The UiB Optics group participated with one instructor (Daniel Koestner) and one master student (Ole Høydal) in the Fram Strait 2024 cruise (13–28 August) led by the Norwegian Polar Institute. This cruise was part of a long term (~30 year) monitoring program along the Fram Strait and typically includes the deployment and retrieval of moorings, and sea ice stations. This is a dynamic and hydrographically interesting region where the eastern portion includes warm Atlantic water feeding into the Arctic Ocean and the western portion contains south-flowing cold polar water. 

The Optics group is involved in development and application of tools to study organic carbon production and export through analysis of particle concentration, composition, and size distribution. Besides the training and collection of data for master Student Ole Høydal, the work had three main objectives: (1) Measure optical properties,  (2) Measure particulate properties, and (3) To build and validate inverse-optical algorithms aimed at estimating biogeochemically relevant parameters from optical measurements.

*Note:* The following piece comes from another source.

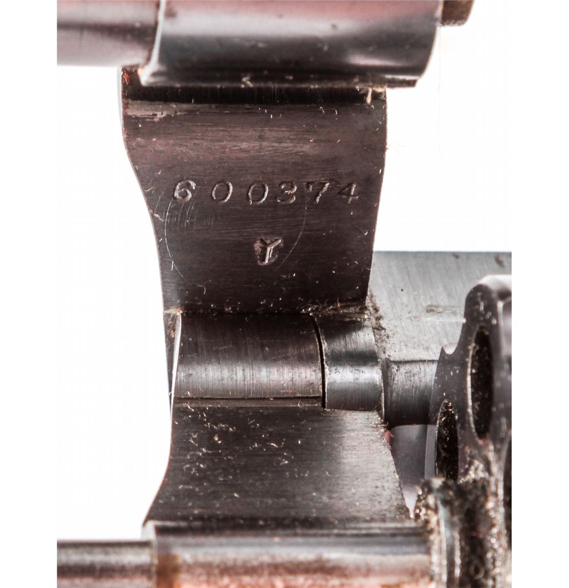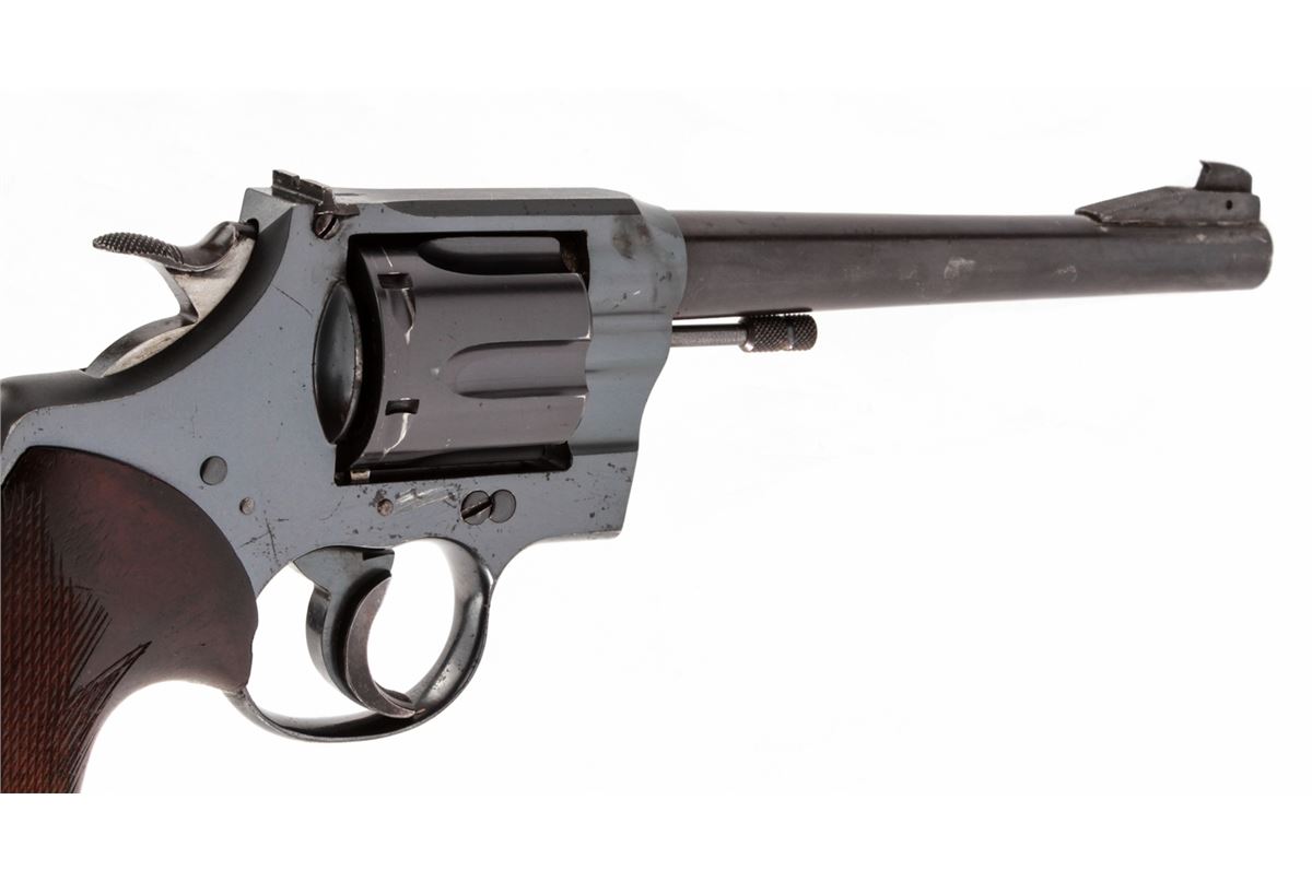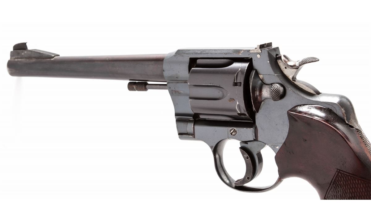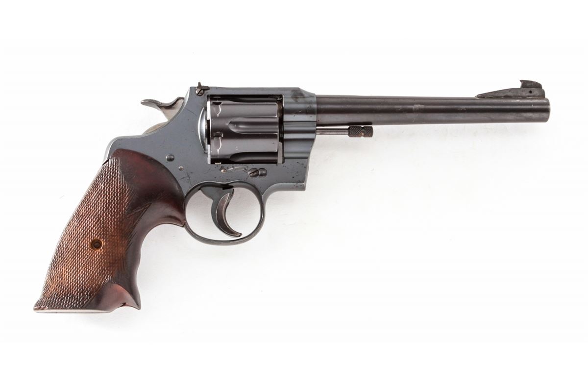 Modified Colt Officer's Flat-Top Target Model Revolver, #600374, .32 S&W Long cal., 6-1/4'' non-factory barrel, blue finish, custom made thumbrest checkered walnut grips, with triggershoe, King's Gunworks style hammer, with undercut Patridge front sight and standard rear sight. Converted to Single Action only target use. Condition is fine as modified, retaining approx. 92% blue with moderate range use. Later barrel with 92% thinning blue of a slightly different tone than the frame. Custom grips show flattening to checks and light general overall wear. Action is smooth and crisp, bore is bright. Est.: $450-$600. (C&R)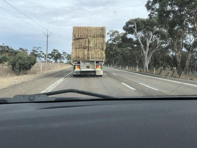 We continued our drive. About half an hour further along we ended up behind a truck heavily laden with hay bales.

In preparation for the cruise, Ole designed, troubleshooted, improved, and built an instrument cage to contain and safely deploy necessary optical instruments up to 500 m depth. The optical package consisted of an RBR Concerto CTD.PAR.Tridente (temperature, salinity, depth, photosythentically available radiation, backscattering at 700 nm and ~120º, and chlorophyll-a and DOM fluoresence) and a LISST-200X (near-forward scattering with 36 detectors ~0.04–12º and narrow beam transmission at 660 nm). Sensors were placed appropriately in cage so that down and upcasts would be free from obstruction.